▸ **DATASET EXCERPTS**:
——————————

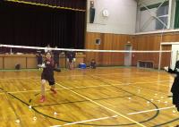 ノックの様子です。左右のネットぎわにシャトルが来たときの練習です。コートの真ん中からのフットワークやラケットの使い方の練習です。初心者が多く、経験者に教えてもらいながら練習しています。すぐにはうまくできませんが、繰り返し練習して上達を目指します!
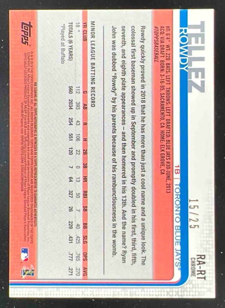 2019 Topps Chrome Rookie Orange Wave Refractor #RA-RT Rowdy Tellez RC Auto /25
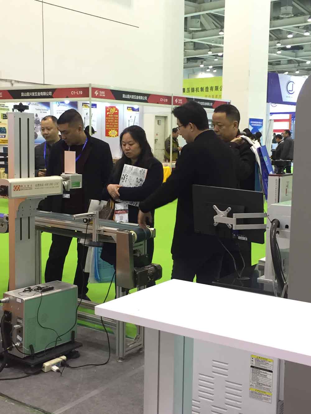 客戶對我們的在線光纖激光打標機以及PCB(印制電路板)激光打標機很感興趣。我們也安排了技術人員現場為客戶試樣,可以直觀的看到打標效果,為客戶在設備機型的選擇上提供了正確的信息。
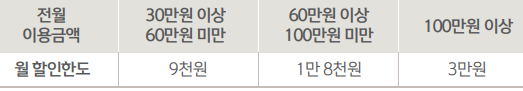 전월 실적 30만원 이상이면, '월 최대 9천원까지', 전월 60만원 이상이면, '월 최대 1만 8천원까지', 전월 100만원 이상시, '월 최대 3만원까지' 할인받을 수 있습니다 (일반결제, 기타결제 통합)
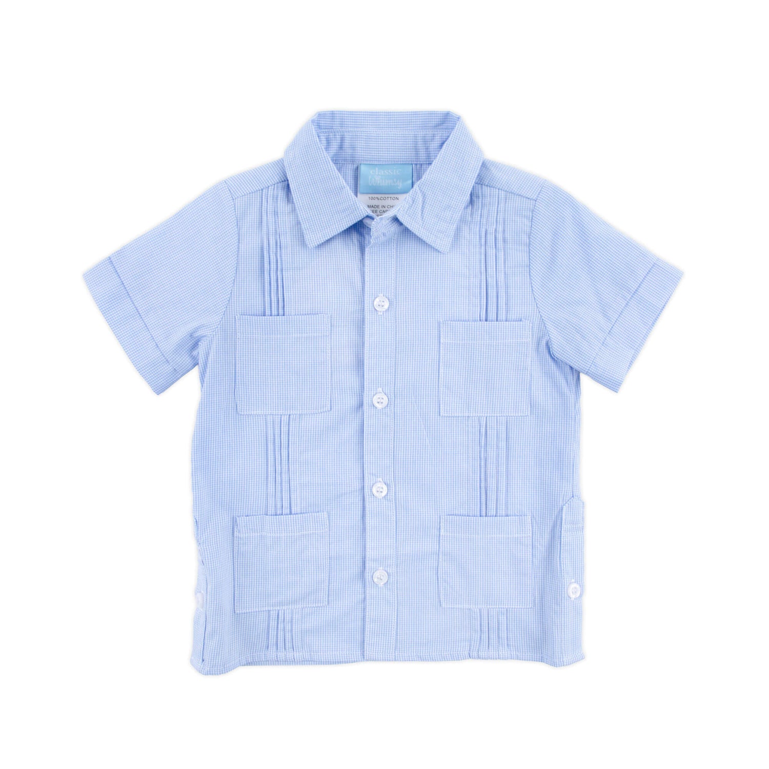 Don't forget to pack this Blue Gingham Guayabera Shirt for your next resort vacation or Cinco de Mayo celebration! It features four front pockets and blue embroidery details. Personalize this Guayabera for your toddler boy or big kid by adding a monogram.
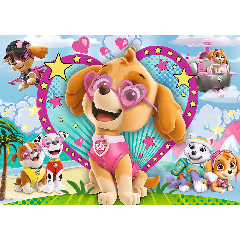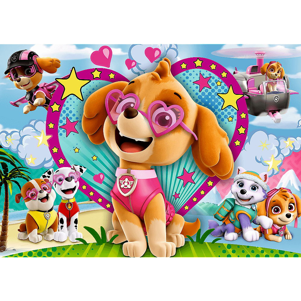 Ragyogjon be mindent a csillámpor! Rakd össze a Mancs őrjáratról készült képet a különleges, csillogós puzzle segítségével! A puzzle finom arany csillogással van borítva, ami mind a csomagolást, mind az egyes elemeket gyönyörűen csillogtatja, és csodálatos benyomást kelt. A puzzle kiváló minőségű természetes anyagokból készült, speciális fényvisszaverő papír felhasználásával, ami még kellemesebbé és könnyebbé teszi a kirakását.
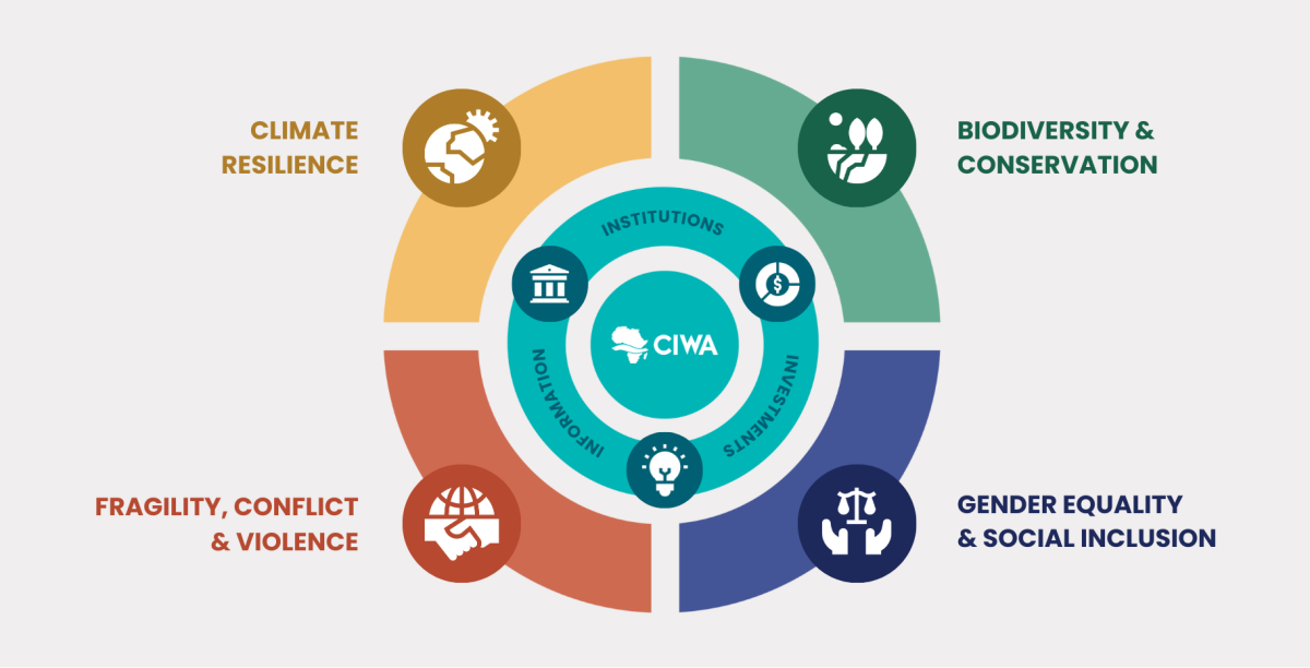 In CIWA 2.0’s new Theory of Change, Fragility Conflict and Violence (FCV), Gender Equality and Social Inclusion (GESI), Biodiversity and Conservation, and Climate Resilience are the pathways to achieving impact on the three Is.
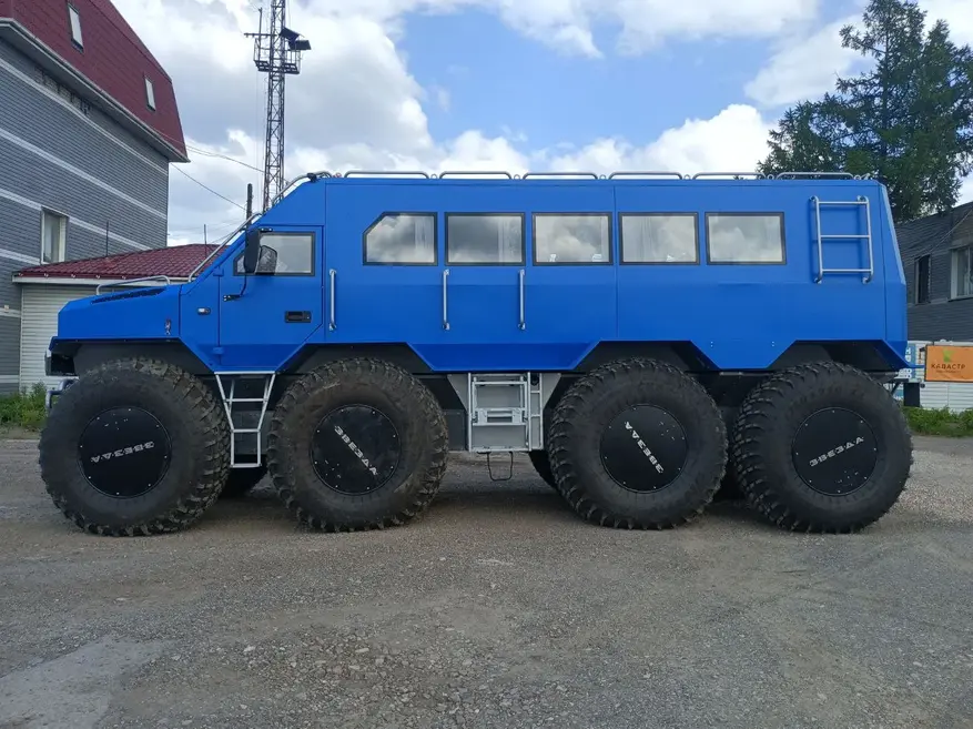 Корпус машины имеет форму лодки, а колёса низкого давления обеспечивают движение по снегу, болотистой местности и воде. Вездеход способен развивать скорость до 25 км/ч на воде и до 80 км/ч по земле. Силовой агрегат представляет собой турбодизель ЯМЗ-534 объёмом 4.4 литра. Двигатель соединён с механической коробкой передач, а возможность переключения по схеме 8x8 обеспечивает проходимость на любых покрытиях.

——————————

▸ **EXERCISE**:
Each entry, start to finish, goes into your copy exactly; the pictures stay out.

▸ **RESPONSE AREA**:
 ノックの様子です。左右のネットぎわにシャトルが来たときの練習です。コートの真ん中からのフットワークやラケットの使い方の練習です。初心者が多く、経験者に教えてもらいながら練習しています。すぐにはうまくできませんが、繰り返し練習して上達を目指します!
 2019 Topps Chrome Rookie Orange Wave Refractor #RA-RT Rowdy Tellez RC Auto /25
 客戶對我們的在線光纖激光打標機以及PCB(印制電路板)激光打標機很感興趣。我們也安排了技術人員現場為客戶試樣,可以直觀的看到打標效果,為客戶在設備機型的選擇上提供了正確的信息。
 전월 실적 30만원 이상이면, '월 최대 9천원까지', 전월 60만원 이상이면, '월 최대 1만 8천원까지', 전월 100만원 이상시, '월 최대 3만원까지' 할인받을 수 있습니다 (일반결제, 기타결제 통합)
 Don't forget to pack this Blue Gingham Guayabera Shirt for your next resort vacation or Cinco de Mayo celebration! It features four front pockets and blue embroidery details. Personalize this Guayabera for your toddler boy or big kid by adding a monogram.
 Ragyogjon be mindent a csillámpor! Rakd össze a Mancs őrjáratról készült képet a különleges, csillogós puzzle segítségével! A puzzle finom arany csillogással van borítva, ami mind a csomagolást, mind az egyes elemeket gyönyörűen csillogtatja, és csodálatos benyomást kelt. A puzzle kiváló minőségű természetes anyagokból készült, speciális fényvisszaverő papír felhasználásával, ami még kellemesebbé és könnyebbé teszi a kirakását.
 In CIWA 2.0’s new Theory of Change, Fragility Conflict and Violence (FCV), Gender Equality and Social Inclusion (GESI), Biodiversity and Conservation, and Climate Resilience are the pathways to achieving impact on the three Is.
 Корпус машины имеет форму лодки, а колёса низкого давления обеспечивают движение по снегу, болотистой местности и воде. Вездеход способен развивать скорость до 25 км/ч на воде и до 80 км/ч по земле. Силовой агрегат представляет собой турбодизель ЯМЗ-534 объёмом 4.4 литра. Двигатель соединён с механической коробкой передач, а возможность переключения по схеме 8x8 обеспечивает проходимость на любых покрытиях.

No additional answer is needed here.